# Solving Leetcode Interviews in Seconds with AI: Interval List Intersections


	# Introduction
	In this blog post, we will explore how to solve the LeetCode problem "986" using AI. LeetCode is a popular platform for preparing for coding interviews, and with the help of AI tools like [Chatmagic](https://www.chatmagic.app), we can generate solutions quickly and efficiently - helping you pass the interviews and get the job offer without having to study for months.

	# Problem Statement
	> You are given two lists of closed intervals, firstList and secondList, where firstList[i] = [starti, endi] and secondList[j] = [startj, endj]. Each list of intervals is pairwise disjoint and in sorted order.
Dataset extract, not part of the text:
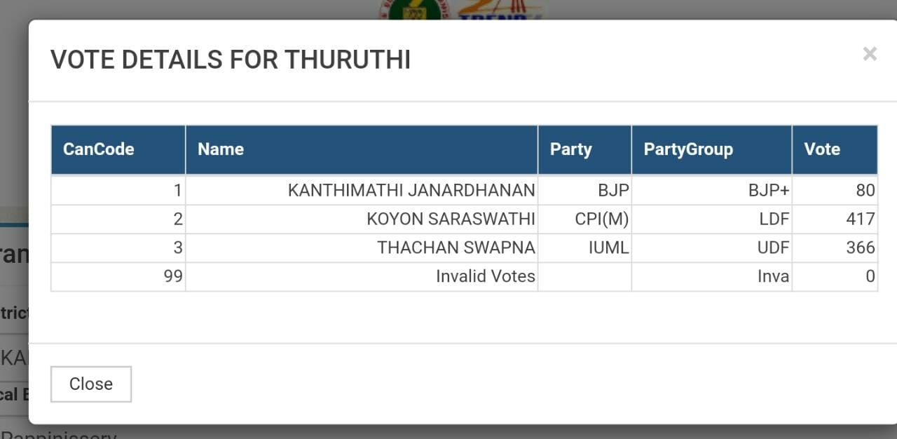 തുരുത്തി വാര്ഡിലെ കഴിഞ്ഞ തവണത്തെ വോട്ട് നില

Return the intersection of these two interval lists. A closed interval [a, b] (with a <= b) denotes the set of real numbers x with a <= x <= b. The intersection of two closed intervals is a set of real numbers that are either empty or represented as a closed interval. For example, the intersection of [1, 3] and [2, 4] is [2, 3].   Example 1:   Input: firstList = [[0,2],[5,10],[13,23],[24,25]], secondList = [[1,5],[8,12],[15,24],[25,26]] Output: [[1,2],[5,5],[8,10],[15,23],[24,24],[25,25]]  Example 2:  Input: firstList = [[1,3],[5,9]], secondList = [] Output: []    Constraints:  0 <= firstList.length, secondList.length <= 1000 firstList.length + secondList.length >= 1 0 <= starti < endi <= 109 endi < starti+1 0 <= startj < endj <= 109  endj < startj+1  

	# Explanation
	Here's the breakdown of the solution:

*   **Iterate and Compare:** Use two pointers, one for each list, and iterate through them simultaneously. At each step, compare the current intervals from both lists.
*   **Calculate Intersection:** If the intervals overlap, calculate their intersection by taking the maximum of the start points and the minimum of the end points.
*   **Advance Pointer:** Advance the pointer of the interval that ends earlier, as it cannot intersect with any further intervals in the other list until that list advances past its end point.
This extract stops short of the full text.